**Records for the exercise:**
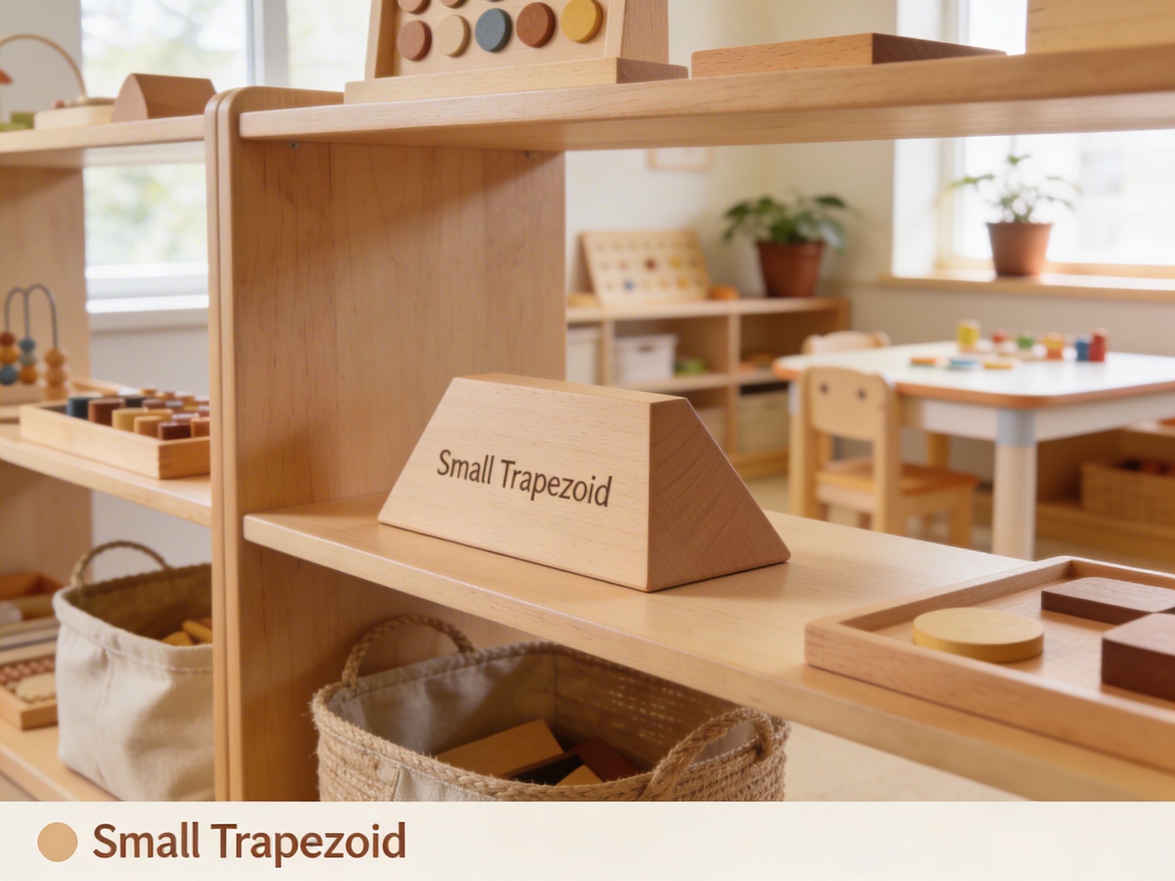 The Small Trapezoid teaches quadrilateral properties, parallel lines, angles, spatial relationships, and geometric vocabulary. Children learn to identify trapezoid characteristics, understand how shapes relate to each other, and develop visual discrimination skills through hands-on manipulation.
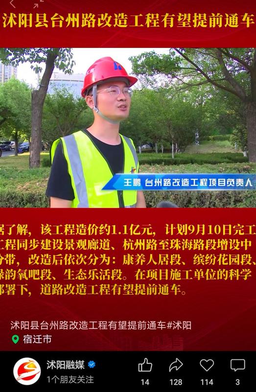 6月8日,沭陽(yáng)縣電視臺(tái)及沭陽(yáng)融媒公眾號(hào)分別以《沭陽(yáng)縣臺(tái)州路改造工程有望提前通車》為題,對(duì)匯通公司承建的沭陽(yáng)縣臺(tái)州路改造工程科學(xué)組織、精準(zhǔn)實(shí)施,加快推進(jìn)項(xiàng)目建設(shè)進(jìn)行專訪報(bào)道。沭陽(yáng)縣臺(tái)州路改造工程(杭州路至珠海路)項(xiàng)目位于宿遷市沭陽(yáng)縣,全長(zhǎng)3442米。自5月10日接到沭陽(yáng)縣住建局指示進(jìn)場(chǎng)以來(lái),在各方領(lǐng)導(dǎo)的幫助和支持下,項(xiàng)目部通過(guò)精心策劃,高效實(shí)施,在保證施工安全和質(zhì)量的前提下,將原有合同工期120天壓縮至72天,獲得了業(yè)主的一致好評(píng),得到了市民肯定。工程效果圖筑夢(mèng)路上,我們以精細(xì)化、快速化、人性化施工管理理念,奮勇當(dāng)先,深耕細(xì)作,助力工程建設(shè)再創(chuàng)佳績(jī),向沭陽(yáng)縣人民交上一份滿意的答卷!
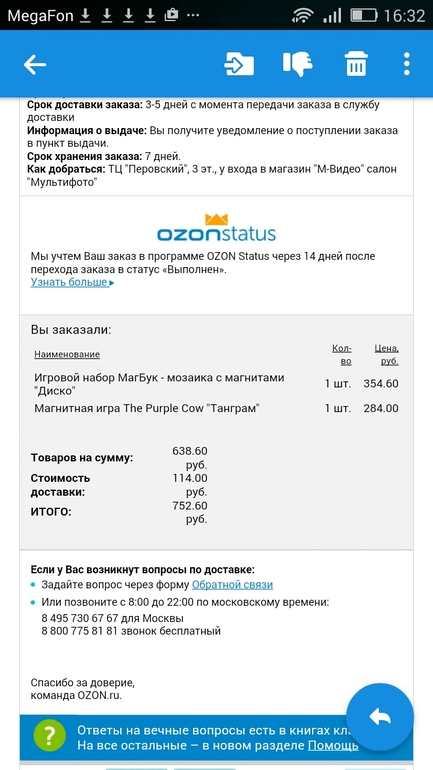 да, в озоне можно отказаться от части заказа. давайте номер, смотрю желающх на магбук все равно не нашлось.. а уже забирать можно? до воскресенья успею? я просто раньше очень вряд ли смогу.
---
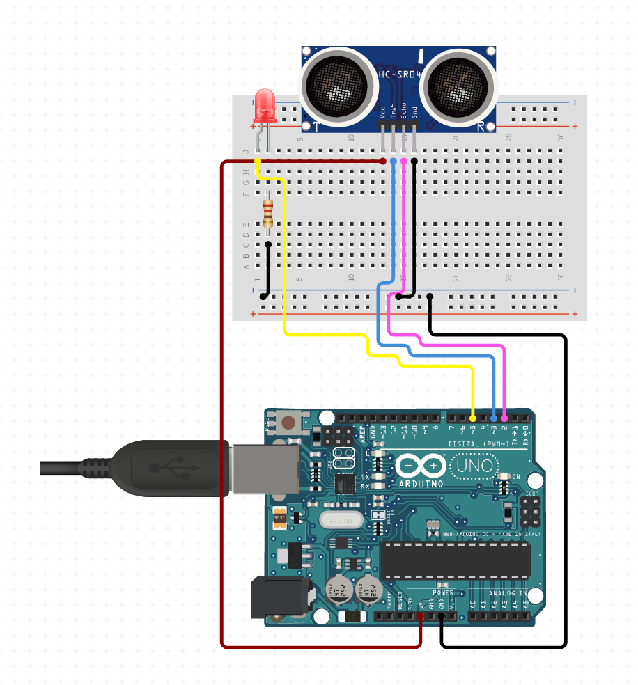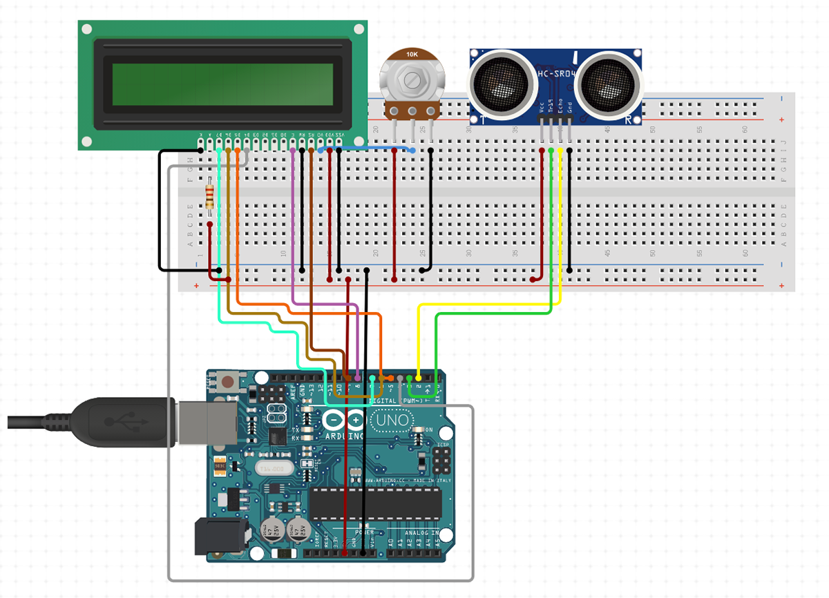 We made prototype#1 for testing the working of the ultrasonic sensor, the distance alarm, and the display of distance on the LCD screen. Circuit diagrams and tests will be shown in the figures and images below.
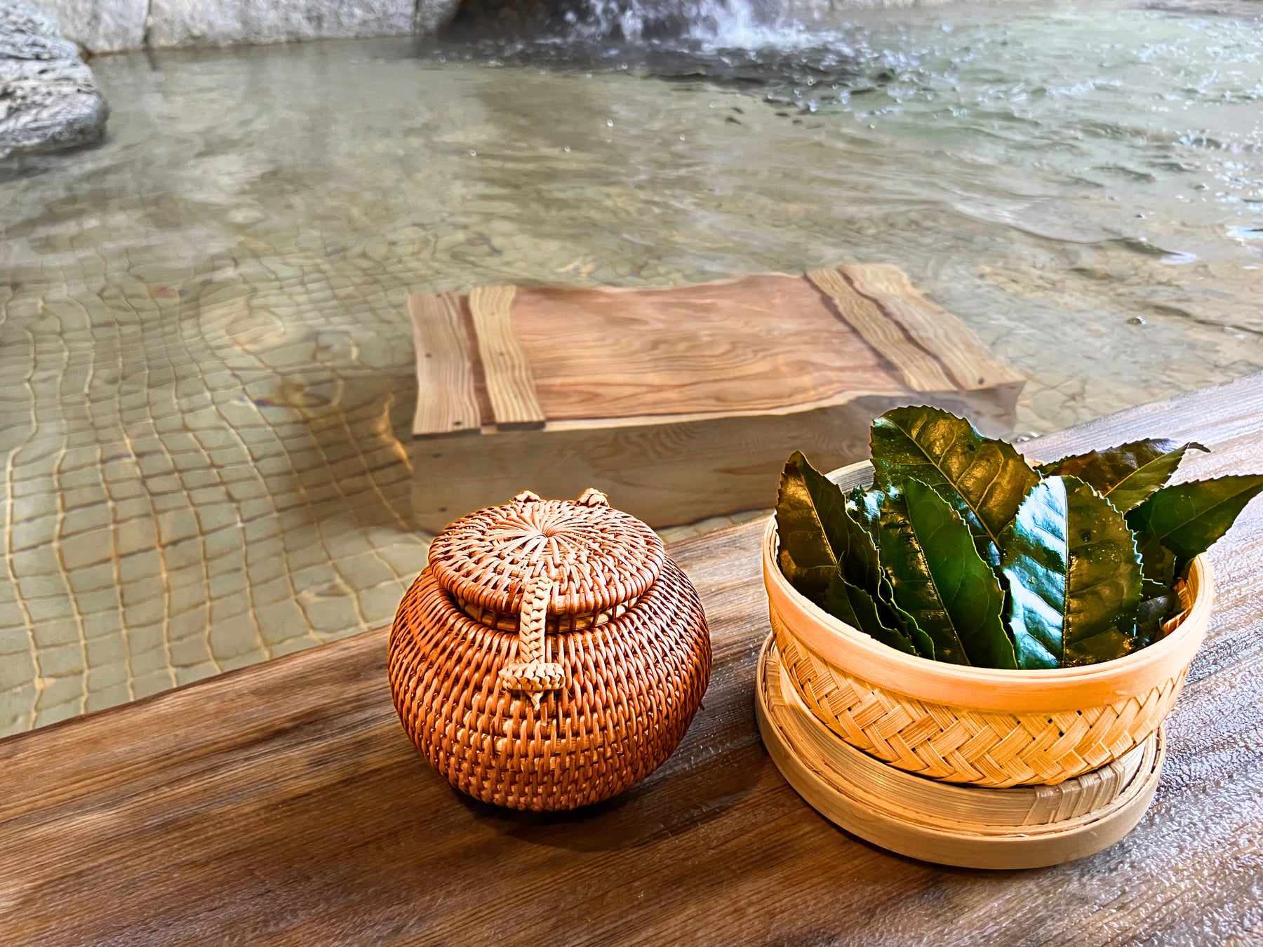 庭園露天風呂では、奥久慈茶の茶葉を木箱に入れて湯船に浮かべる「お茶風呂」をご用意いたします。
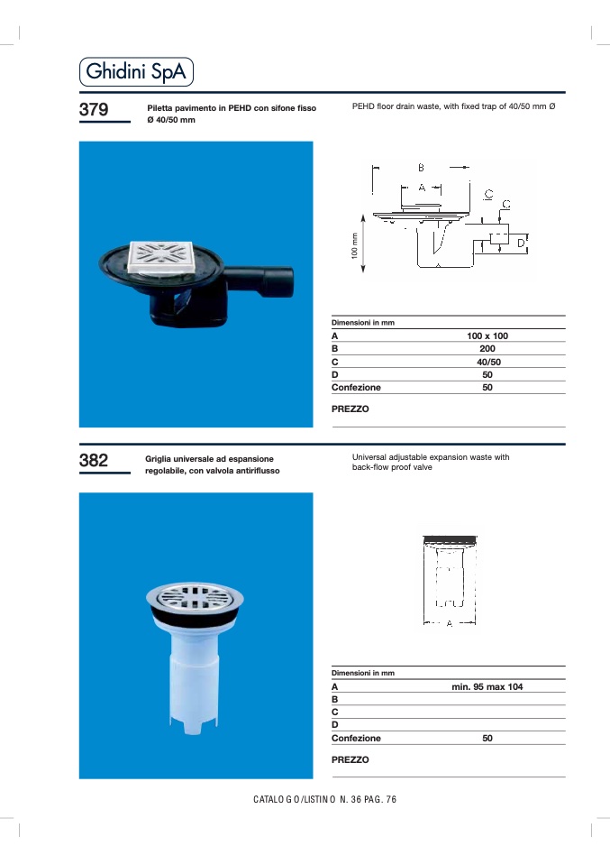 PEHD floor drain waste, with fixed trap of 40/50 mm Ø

**Assignment:** Return exactly the lines of the material above, starting at the line containing "6月8日,沭陽(yáng)縣" and finishing at the line containing "да, в озоне", without any pictures.

**Written response:**
 6月8日,沭陽(yáng)縣電視臺(tái)及沭陽(yáng)融媒公眾號(hào)分別以《沭陽(yáng)縣臺(tái)州路改造工程有望提前通車》為題,對(duì)匯通公司承建的沭陽(yáng)縣臺(tái)州路改造工程科學(xué)組織、精準(zhǔn)實(shí)施,加快推進(jìn)項(xiàng)目建設(shè)進(jìn)行專訪報(bào)道。沭陽(yáng)縣臺(tái)州路改造工程(杭州路至珠海路)項(xiàng)目位于宿遷市沭陽(yáng)縣,全長(zhǎng)3442米。自5月10日接到沭陽(yáng)縣住建局指示進(jìn)場(chǎng)以來(lái),在各方領(lǐng)導(dǎo)的幫助和支持下,項(xiàng)目部通過(guò)精心策劃,高效實(shí)施,在保證施工安全和質(zhì)量的前提下,將原有合同工期120天壓縮至72天,獲得了業(yè)主的一致好評(píng),得到了市民肯定。工程效果圖筑夢(mèng)路上,我們以精細(xì)化、快速化、人性化施工管理理念,奮勇當(dāng)先,深耕細(xì)作,助力工程建設(shè)再創(chuàng)佳績(jī),向沭陽(yáng)縣人民交上一份滿意的答卷!
 да, в озоне можно отказаться от части заказа. давайте номер, смотрю желающх на магбук все равно не нашлось.. а уже забирать можно? до воскресенья успею? я просто раньше очень вряд ли смогу.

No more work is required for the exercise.